Earlier this week it was widely reported that Jeffrey A. Kilbride and James R. Schaffer were each sentenced under the CAN-SPAM Act to serve over 5 years in prison in addition to being fined $100,000 each, ordered to pay AOL $77,500, and must foreit over $1.1 million they made from their international pornographic spam operation.
The FTC has been applying CAN-SPAM penalties since April 29, 2004.
While there is more spam than ever, it is at least good to know that spammers are being significantly penalized when tried within the U.S.
I wonder if ClearMyMail realizes that no one in the U.K. has yet been convicted for spamming even though they have had an anti-spamming law similar to CAN-SPAM since 2003.
It appears more can be done by all governments worldwide, doesn’t it?
And by the anti-spam product vendors, since that is their specialty.
And more awareness could be provided by not only businesses to their personnel, but also certainly by vendors who sell anti-spamming and anti-phishing products.

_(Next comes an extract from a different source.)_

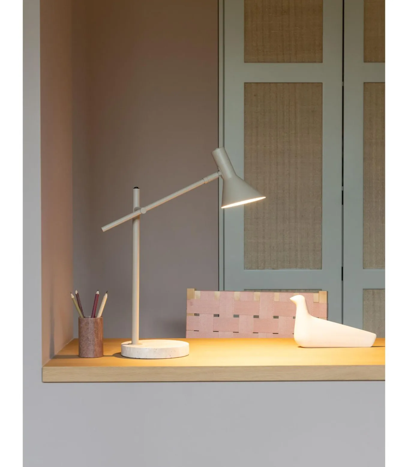 De Izmir tafellamp in een warme zandkleur combineert een elegante travertijnen basis met slimme functionaliteit. Dankzij de verstelbare arm, beweegbare kap en handige schakelaar op de lamp kun je het licht eenvoudig aanpassen, waardoor je altijd de perfecte sfeer creëert. Deze veelzijdige tafellamp voegt stijl en praktische verlichting toe aan elk interieur, van woonkamer tot kantoor of nachtkastje.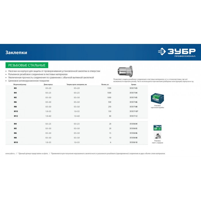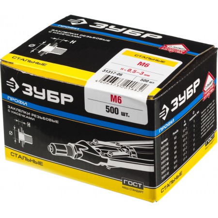 Стальные резьбовые заклепки с насечками М6, стандартный бортик, 500 шт ЗУБР Профессионал 31317-06

If the vendors would help to educate their customers about spam and phishing schemes in addition to just telling them that all spam and phish will be stopped by their product, like many do, then it would also help to address the problem.

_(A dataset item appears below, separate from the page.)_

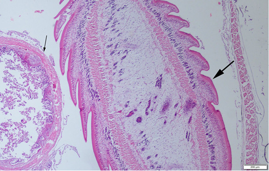 A plerocercoid (thick arrow) in abdominal cavity of the fish, near the intestine (thin arrow) of the host, HE, Bar=200µm.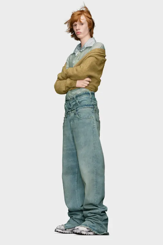In distressed denim for a lived-in look, the straight-leg jeans feature a buckle at the back for an adjustable fit. They have classic five-pocket styling, belt loops and the Margiela hook closure. Frayed edges further the theme. Maison Margiela's signature, the four stitches, appear at the back; the opposite of a label.

The ClearMyMail site claims their product is “The worlds only 100% guaranteed spam blocker
From the lack of any spam education material on the ClearMyMail site, it is disappointing that the vendor is not doing more to educate their fellow UK citizens, considering the large amount of spam the organization indicates pilfers their country, and since there has been no enforcement of the UK anti-spam law.